- **Recorded data**
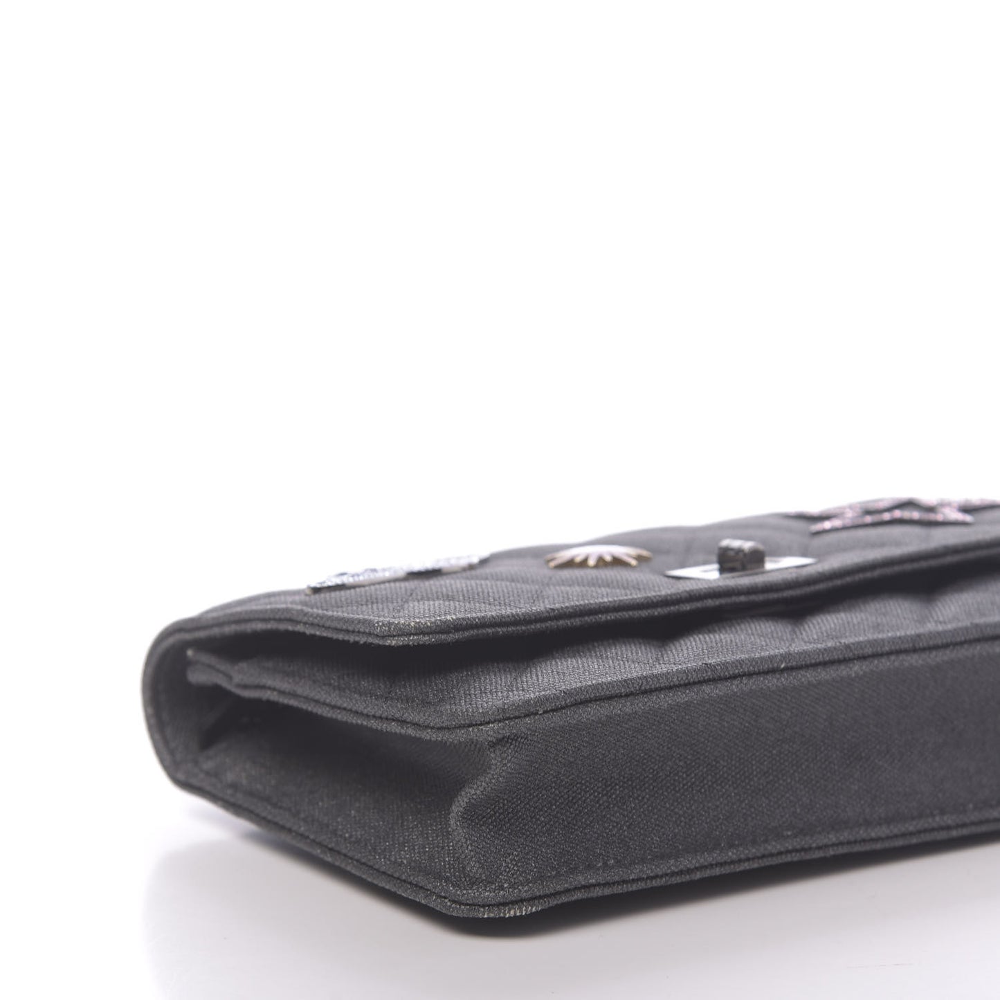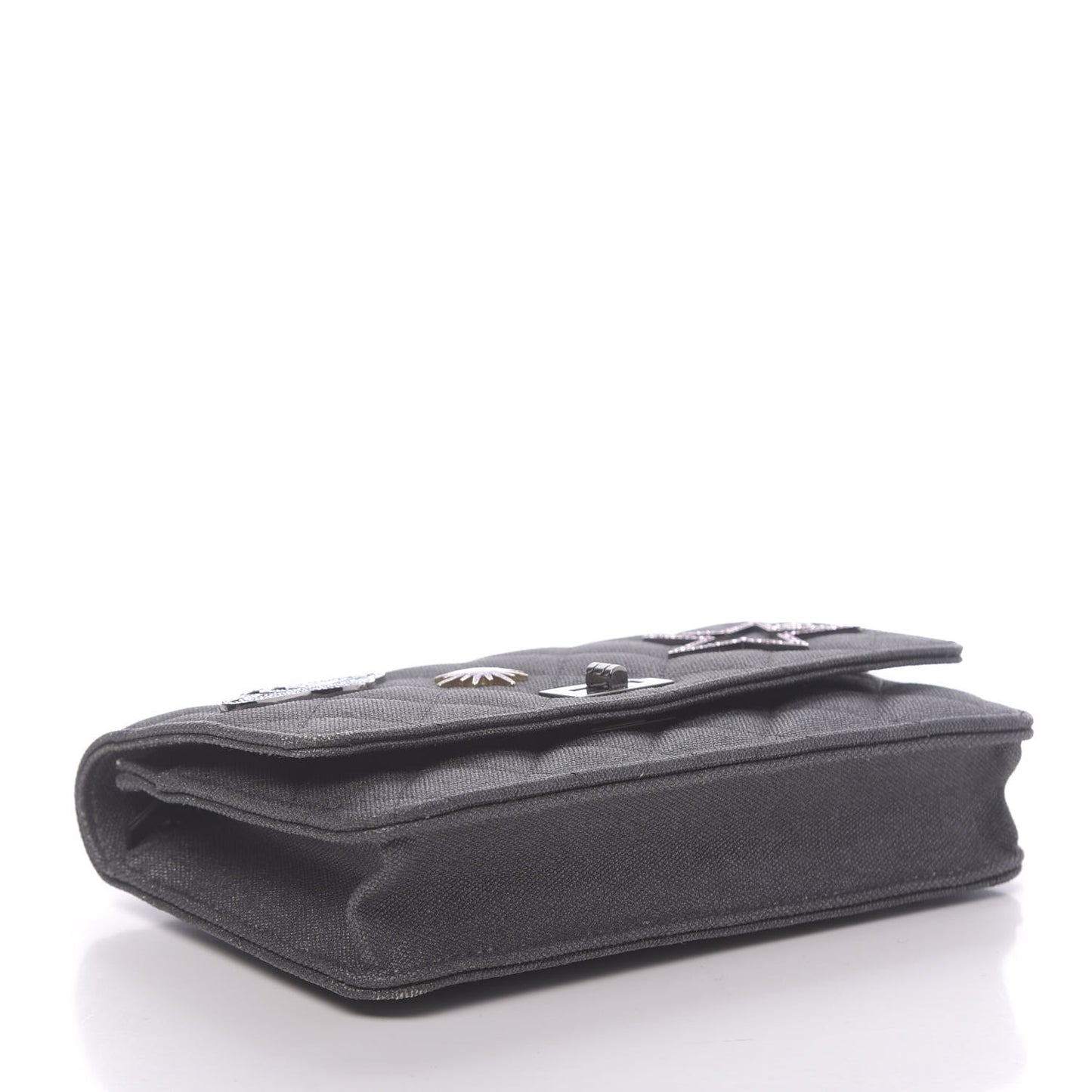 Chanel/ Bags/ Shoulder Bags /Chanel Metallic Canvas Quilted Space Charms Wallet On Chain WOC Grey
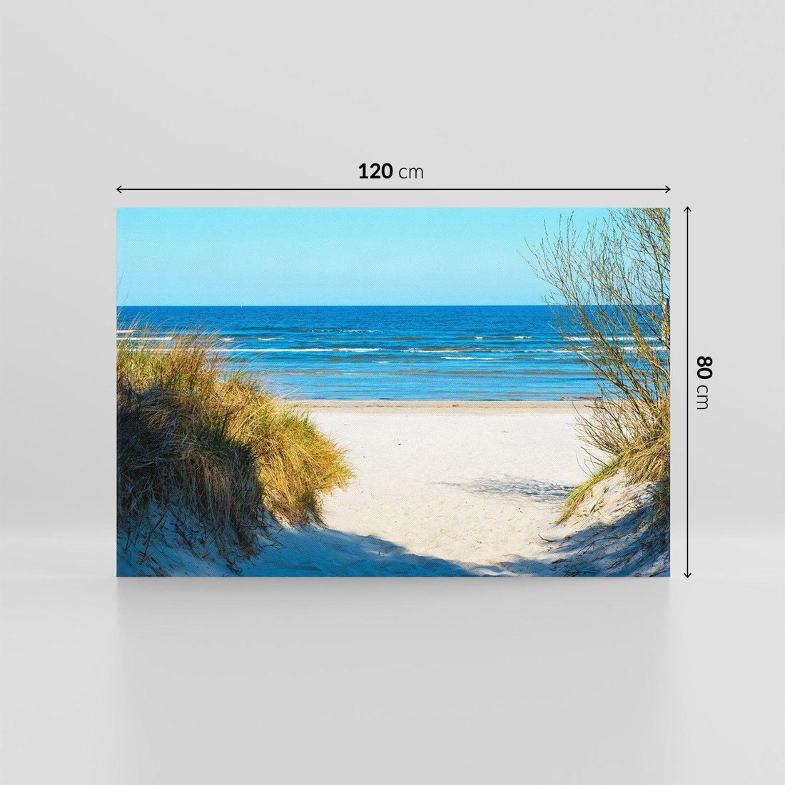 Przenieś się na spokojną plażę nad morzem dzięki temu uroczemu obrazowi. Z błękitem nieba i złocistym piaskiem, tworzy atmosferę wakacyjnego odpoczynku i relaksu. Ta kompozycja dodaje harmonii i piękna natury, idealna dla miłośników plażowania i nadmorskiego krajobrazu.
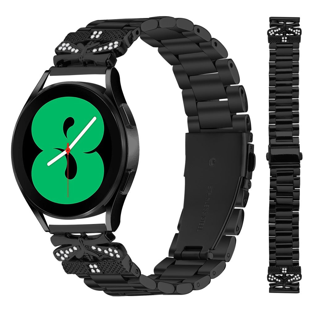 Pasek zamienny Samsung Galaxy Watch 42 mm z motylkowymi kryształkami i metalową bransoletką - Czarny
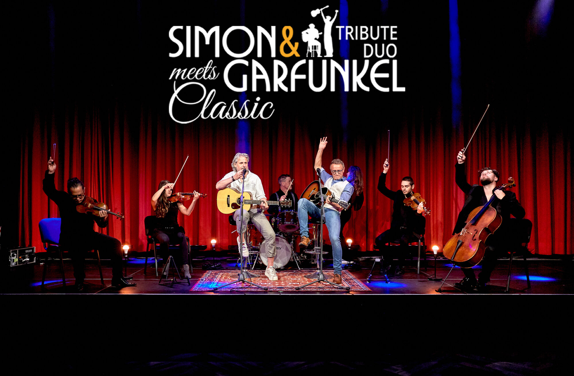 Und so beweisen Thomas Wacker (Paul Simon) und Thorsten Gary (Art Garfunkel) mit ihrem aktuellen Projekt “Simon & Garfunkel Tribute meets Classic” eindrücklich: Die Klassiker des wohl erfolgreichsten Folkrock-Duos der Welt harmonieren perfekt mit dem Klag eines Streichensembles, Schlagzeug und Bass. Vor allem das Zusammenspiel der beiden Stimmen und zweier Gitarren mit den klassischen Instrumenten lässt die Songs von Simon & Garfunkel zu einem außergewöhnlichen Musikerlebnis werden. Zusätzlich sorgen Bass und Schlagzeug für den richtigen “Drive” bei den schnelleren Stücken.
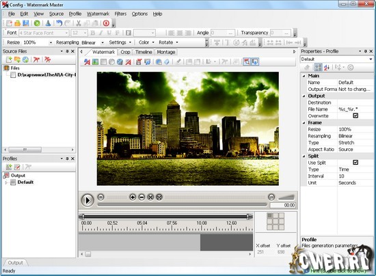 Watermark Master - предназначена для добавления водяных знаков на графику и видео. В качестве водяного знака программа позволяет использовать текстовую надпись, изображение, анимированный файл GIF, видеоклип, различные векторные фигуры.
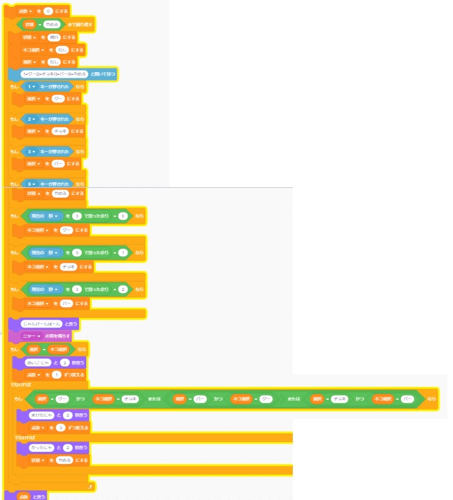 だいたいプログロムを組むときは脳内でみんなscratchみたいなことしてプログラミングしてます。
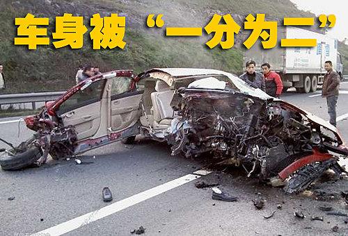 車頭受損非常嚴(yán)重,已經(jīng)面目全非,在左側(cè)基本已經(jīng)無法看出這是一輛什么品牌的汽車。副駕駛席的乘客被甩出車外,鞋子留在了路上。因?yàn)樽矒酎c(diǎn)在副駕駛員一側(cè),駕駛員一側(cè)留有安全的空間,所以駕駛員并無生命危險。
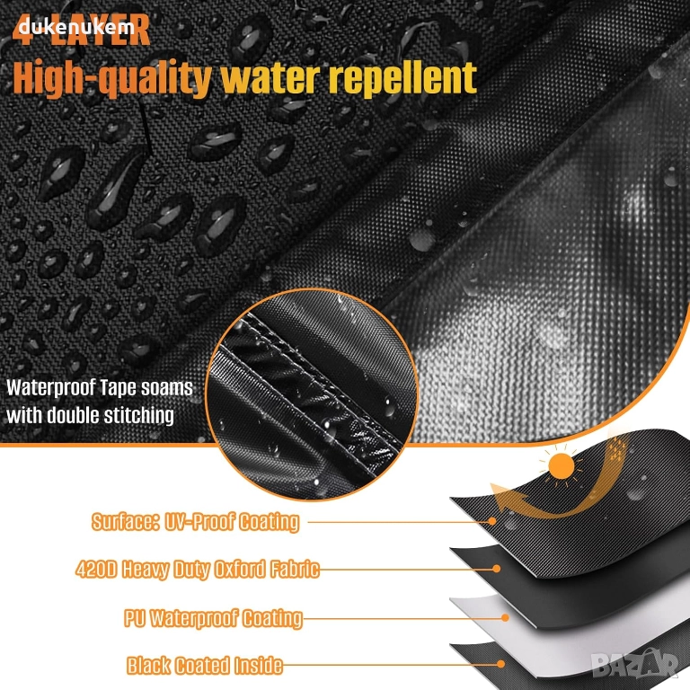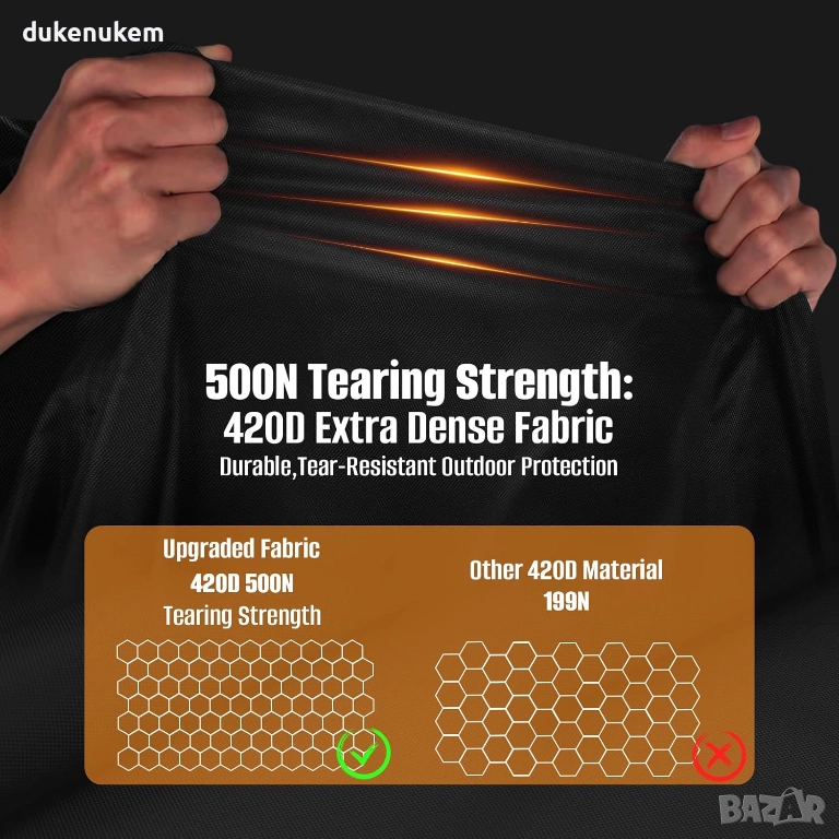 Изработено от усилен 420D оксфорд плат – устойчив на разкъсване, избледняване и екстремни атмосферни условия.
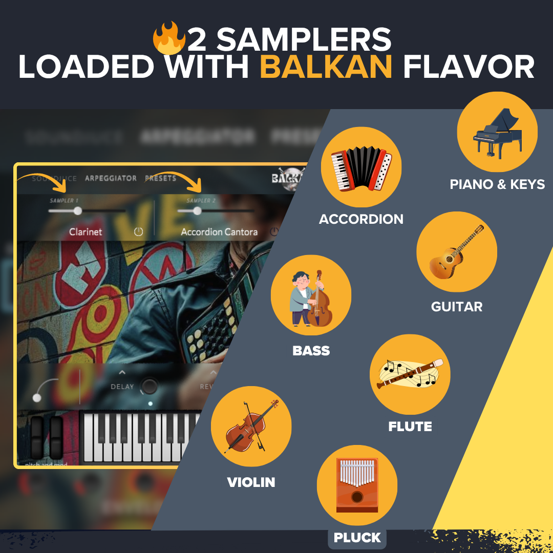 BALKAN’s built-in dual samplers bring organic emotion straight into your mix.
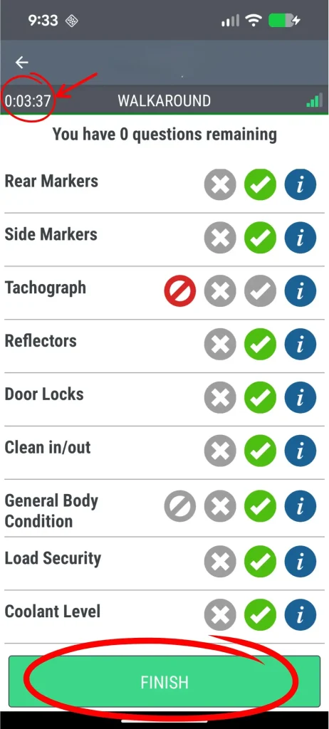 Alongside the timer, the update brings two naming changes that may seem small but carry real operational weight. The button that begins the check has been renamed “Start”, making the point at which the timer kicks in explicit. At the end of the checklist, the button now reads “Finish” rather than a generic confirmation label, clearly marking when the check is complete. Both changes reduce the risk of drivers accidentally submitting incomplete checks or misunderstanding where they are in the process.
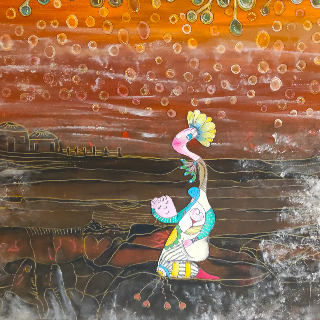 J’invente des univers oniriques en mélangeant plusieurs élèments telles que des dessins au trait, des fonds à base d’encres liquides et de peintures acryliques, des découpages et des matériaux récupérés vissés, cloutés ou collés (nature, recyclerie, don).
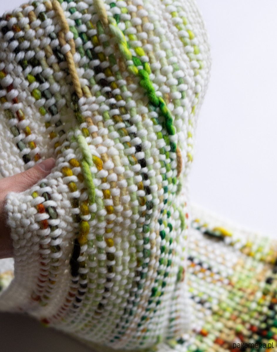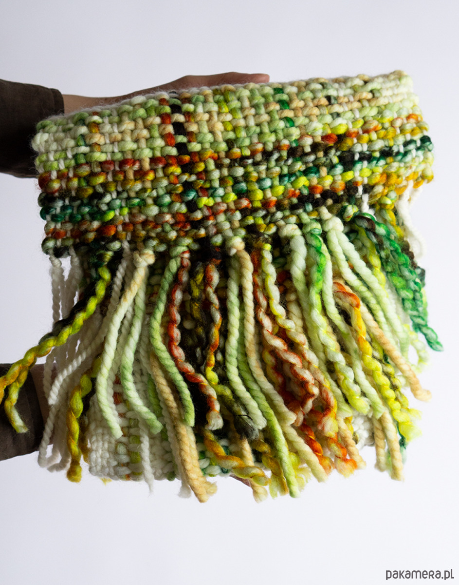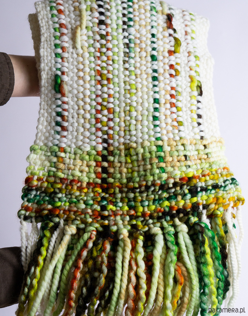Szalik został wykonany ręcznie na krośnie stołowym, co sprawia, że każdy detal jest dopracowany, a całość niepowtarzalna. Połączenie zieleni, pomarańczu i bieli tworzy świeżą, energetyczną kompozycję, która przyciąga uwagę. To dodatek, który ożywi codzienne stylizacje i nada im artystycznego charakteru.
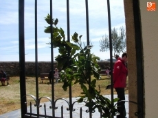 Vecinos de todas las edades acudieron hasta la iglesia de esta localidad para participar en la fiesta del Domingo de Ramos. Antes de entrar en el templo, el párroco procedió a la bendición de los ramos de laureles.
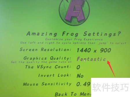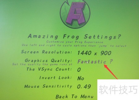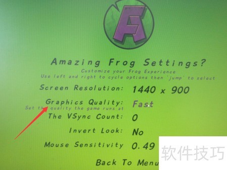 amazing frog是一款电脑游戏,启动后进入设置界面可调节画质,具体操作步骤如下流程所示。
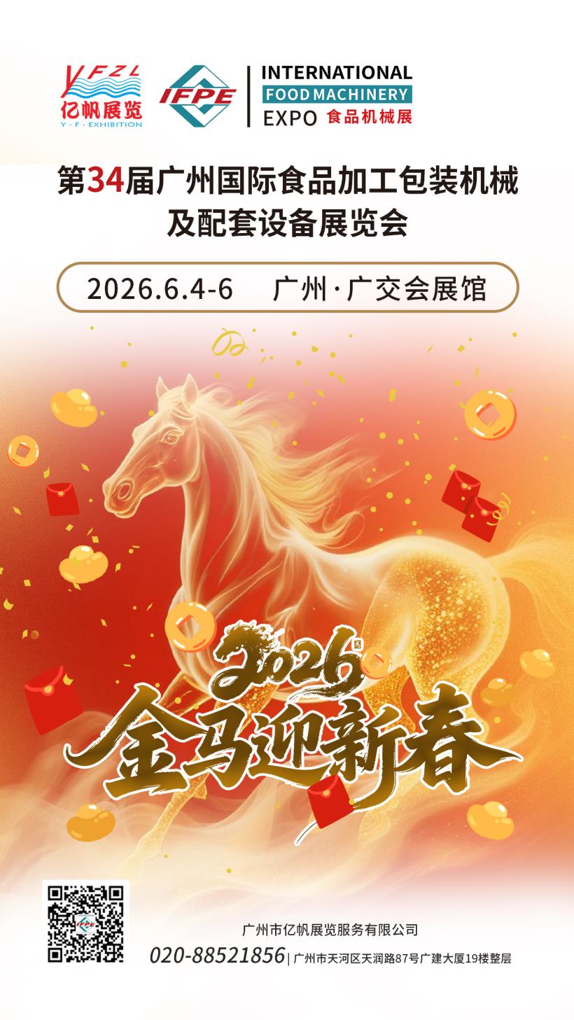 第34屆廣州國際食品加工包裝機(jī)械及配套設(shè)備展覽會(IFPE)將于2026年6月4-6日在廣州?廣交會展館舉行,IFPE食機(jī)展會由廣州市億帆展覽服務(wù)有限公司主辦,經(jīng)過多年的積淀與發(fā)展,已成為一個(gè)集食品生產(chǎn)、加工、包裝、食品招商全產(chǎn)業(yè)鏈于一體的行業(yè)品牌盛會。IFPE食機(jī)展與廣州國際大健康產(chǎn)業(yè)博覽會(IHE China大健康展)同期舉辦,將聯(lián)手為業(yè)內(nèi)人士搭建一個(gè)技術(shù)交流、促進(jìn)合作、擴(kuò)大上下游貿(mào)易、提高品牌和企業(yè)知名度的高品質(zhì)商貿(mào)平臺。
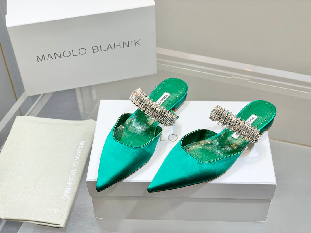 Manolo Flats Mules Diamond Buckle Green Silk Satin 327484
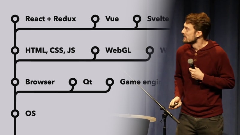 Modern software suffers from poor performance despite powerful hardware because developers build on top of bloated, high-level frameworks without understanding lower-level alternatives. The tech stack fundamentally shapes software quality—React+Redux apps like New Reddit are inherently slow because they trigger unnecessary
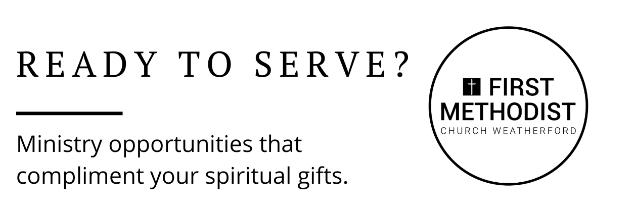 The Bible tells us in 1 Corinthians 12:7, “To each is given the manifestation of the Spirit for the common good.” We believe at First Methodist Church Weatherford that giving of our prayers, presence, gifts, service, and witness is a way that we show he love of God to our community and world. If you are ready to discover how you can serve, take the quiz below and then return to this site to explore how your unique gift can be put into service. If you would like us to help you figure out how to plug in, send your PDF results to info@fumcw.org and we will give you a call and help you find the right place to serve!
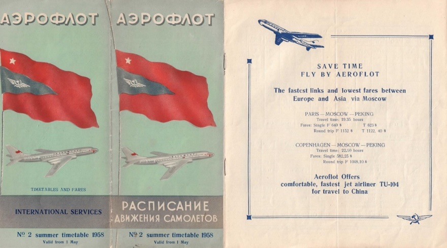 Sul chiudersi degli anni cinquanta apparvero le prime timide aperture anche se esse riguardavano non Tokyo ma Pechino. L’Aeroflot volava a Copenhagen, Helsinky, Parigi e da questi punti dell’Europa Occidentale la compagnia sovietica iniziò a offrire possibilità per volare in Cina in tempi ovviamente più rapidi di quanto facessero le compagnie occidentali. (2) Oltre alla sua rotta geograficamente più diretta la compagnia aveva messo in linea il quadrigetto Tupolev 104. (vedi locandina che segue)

- **Problem to solve**
From the records above, copy only the lines running from the line holding "amazing frog是一" through the line holding "The Bible tells", with no pictures.

- **Reply to the task**
 amazing frog是一款电脑游戏,启动后进入设置界面可调节画质,具体操作步骤如下流程所示。
 第34屆廣州國際食品加工包裝機(jī)械及配套設(shè)備展覽會(IFPE)將于2026年6月4-6日在廣州?廣交會展館舉行,IFPE食機(jī)展會由廣州市億帆展覽服務(wù)有限公司主辦,經(jīng)過多年的積淀與發(fā)展,已成為一個(gè)集食品生產(chǎn)、加工、包裝、食品招商全產(chǎn)業(yè)鏈于一體的行業(yè)品牌盛會。IFPE食機(jī)展與廣州國際大健康產(chǎn)業(yè)博覽會(IHE China大健康展)同期舉辦,將聯(lián)手為業(yè)內(nèi)人士搭建一個(gè)技術(shù)交流、促進(jìn)合作、擴(kuò)大上下游貿(mào)易、提高品牌和企業(yè)知名度的高品質(zhì)商貿(mào)平臺。
 Manolo Flats Mules Diamond Buckle Green Silk Satin 327484
 Modern software suffers from poor performance despite powerful hardware because developers build on top of bloated, high-level frameworks without understanding lower-level alternatives. The tech stack fundamentally shapes software quality—React+Redux apps like New Reddit are inherently slow because they trigger unnecessary
 The Bible tells us in 1 Corinthians 12:7, “To each is given the manifestation of the Spirit for the common good.” We believe at First Methodist Church Weatherford that giving of our prayers, presence, gifts, service, and witness is a way that we show he love of God to our community and world. If you are ready to discover how you can serve, take the quiz below and then return to this site to explore how your unique gift can be put into service. If you would like us to help you figure out how to plug in, send your PDF results to info@fumcw.org and we will give you a call and help you find the right place to serve!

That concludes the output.